Another common type of clinical models starts with -omics. This can be genomics, but can also be any analysis that has large predictor-to-case ratio, for example 100s or 1000s of clinical information. Sometimes this is just a pure -omics only model, but most of the time the ambition is a prediction model taking everything into account.

Here we mean screening 10s, 100s, or 1000s factors of different characteristics to optimise the model. We do not mean using the few robust predictors that came from previous -omics model, because this would only mean a few (potential) predictors. For example, if we screen 1000s factors in previous projects and found apoE allele genotype is a robust predictor of dementia in a few populations, and then develop a clinical model based on apoE and other factors known to be predictors (such as age, sex, smoking), then this is no longer an -omics approach that we discuss here.

So here we mean that some people is ambitious enough to develop a model straight from many -omics and non -omics predictors to an extent that the number of candidate predictors (and various ways to combine them) is much larger than the number of cases (or events, or outcomes).

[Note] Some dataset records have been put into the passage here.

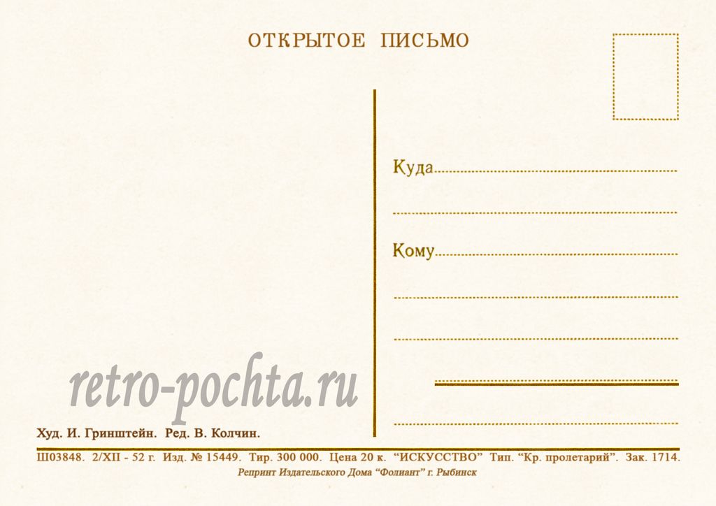 8013 И Гринштейн 1952 г 30 руб. В корзину Описание Комментарии 0 Описание Формат открытки 10,5 х 14,8 см Комментарии 0 Нет комментариев Добавить комментарий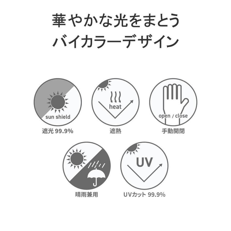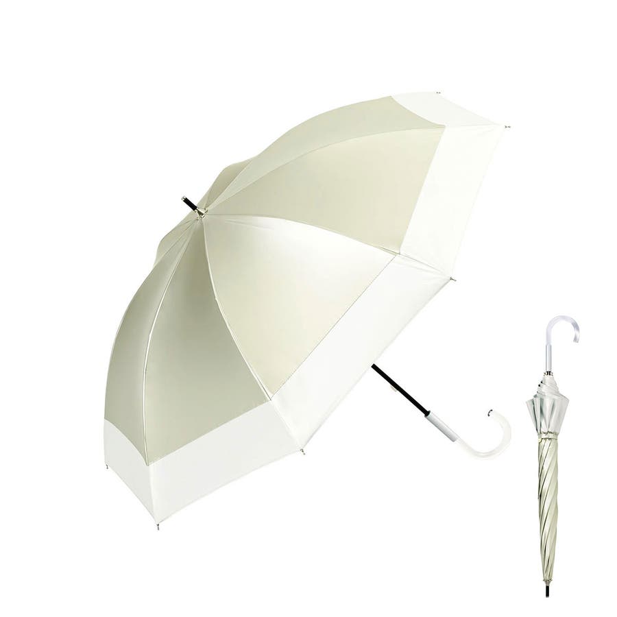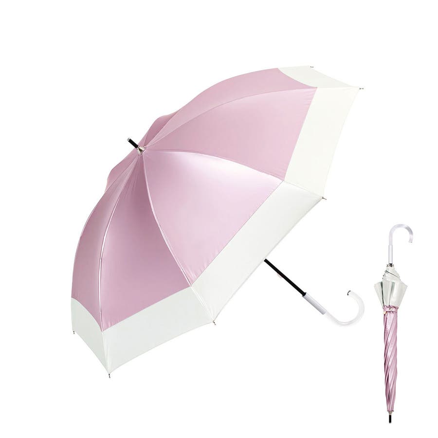 パールのようなきらめきをまとった、光沢感のある『パールブ』シリーズの長傘。生地の表面に顔料を使用した遮光フィルムを使用することにより、美しい光沢とともに99.9%以上の紫外線遮蔽率・遮光率を実現。経年劣化しずらいコーティング構造で長くお使いいただけます。女性らしいデザインと、柔らかな輝きがワンランク上のおしゃれを演出してくれるアイテムです。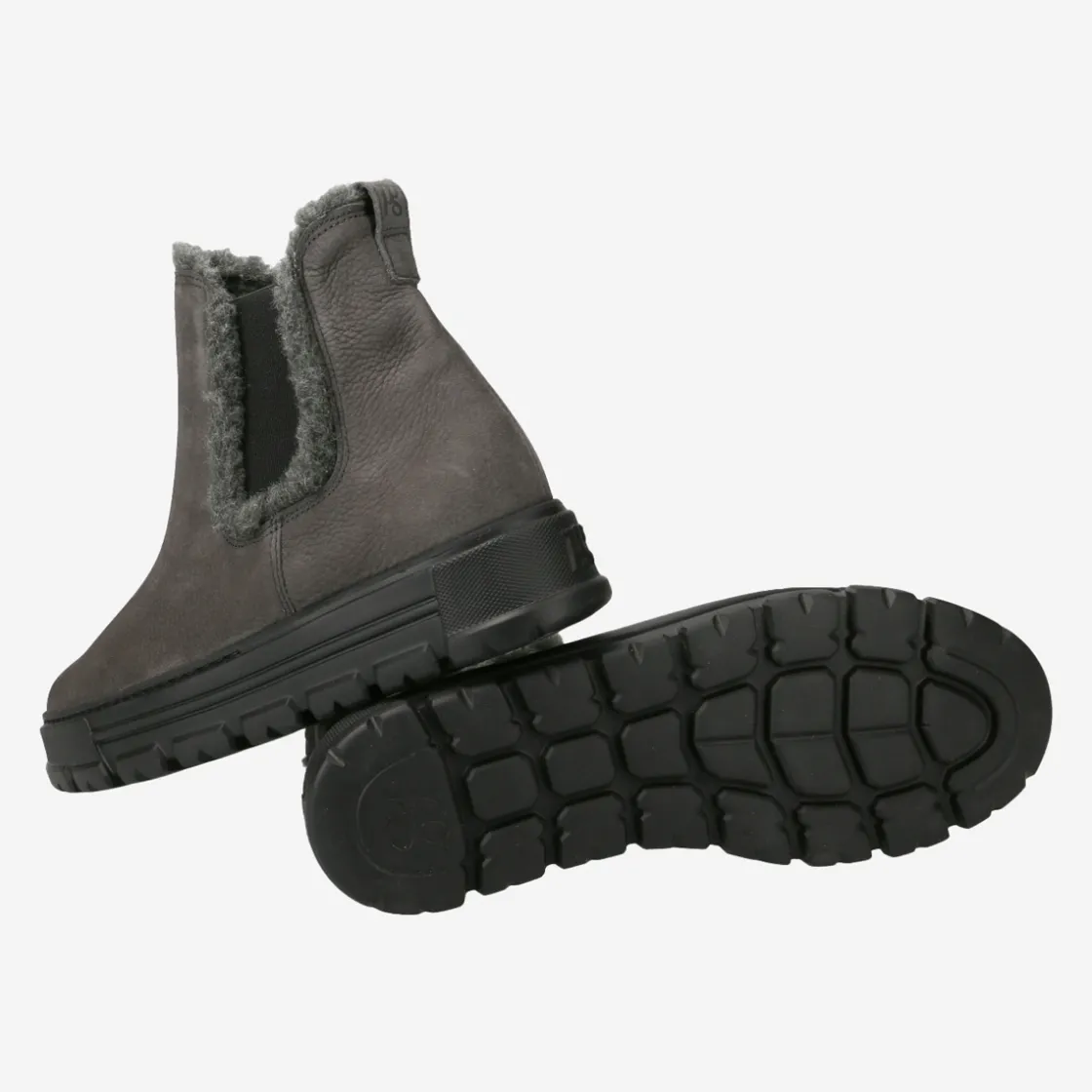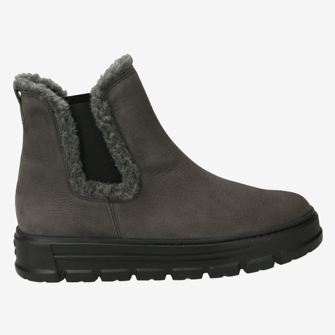 These warm Chelsea boots from Paul Green are among the favorites of modern casual looks. Especially when they’re as comfortable as this pair in gray nubuck leather. Cozy merino warm lining (mulesing-free) on the inside gently nestles against the foot and gives a comfortably warm feeling. The stretch inserts on the sides are typical of sporty chic and ensure convenient entry and exit. Pleasantly flat and comfortable is also the flexible outsole. A special model for cold days!

I have to say this is really challenging.

it may not be very challenging to find some ‘positive signals’ and get excited, but reproduce this exciting finding is normally very challenging. 

Being responsible for using any finding from this would also be challenging. Unfortunately most data specialists who have the strongest voice in this field do not need to take the responsibility of individual misclassification. I would like to advise the specialists to reflect how much they react to under-diagnosis and over-diagnosis when they are the patients. When we apply our results to real lives, we need to think in an absolute term, not in false discovery rates.

The current practice in the -omics approach is using the theoretical reproducibility, such as p value or false discovery rate, or their variants, which ignores the fact that the main source of errors are not random. 

Trying to assume reproducibility of -omics on top of the reproducibility of a clinical reproduction model, both without a real evidence of reproducibility, will become quite opportunistic. 

This is the best data we have got (and why AI/ML has little to do with it)

It would be surprising not to mention AI (artificial intelligence) at all. AI specialists may laugh at it because this is probably more of a machine learning (ML) problem. ML in medicine so far is only used to fit the model, yet our main trouble here is model fitness is not a good reflection of reproducibility.

In fairness, ML can be used to optimise reproducibility, but no one bother to collect the data for ML to optimise. If you think about it, data collection is hard work, and ‘data scientists’ do not tend to collect data. So far the main reason we do the whole AI/ML or prediction model is because we do not want to collect the relevant data. So when someone says how well AI/ML has been used successfully in other fields, this may not be true because the approaches may not be the same. Successful ones, such as social media, tend to collect ongoing data and keep trying different interventions, to prove and to improve the prediction. 

Reproducibility is likely to be achieved when the predictors are known risk factors because this is how science usually works.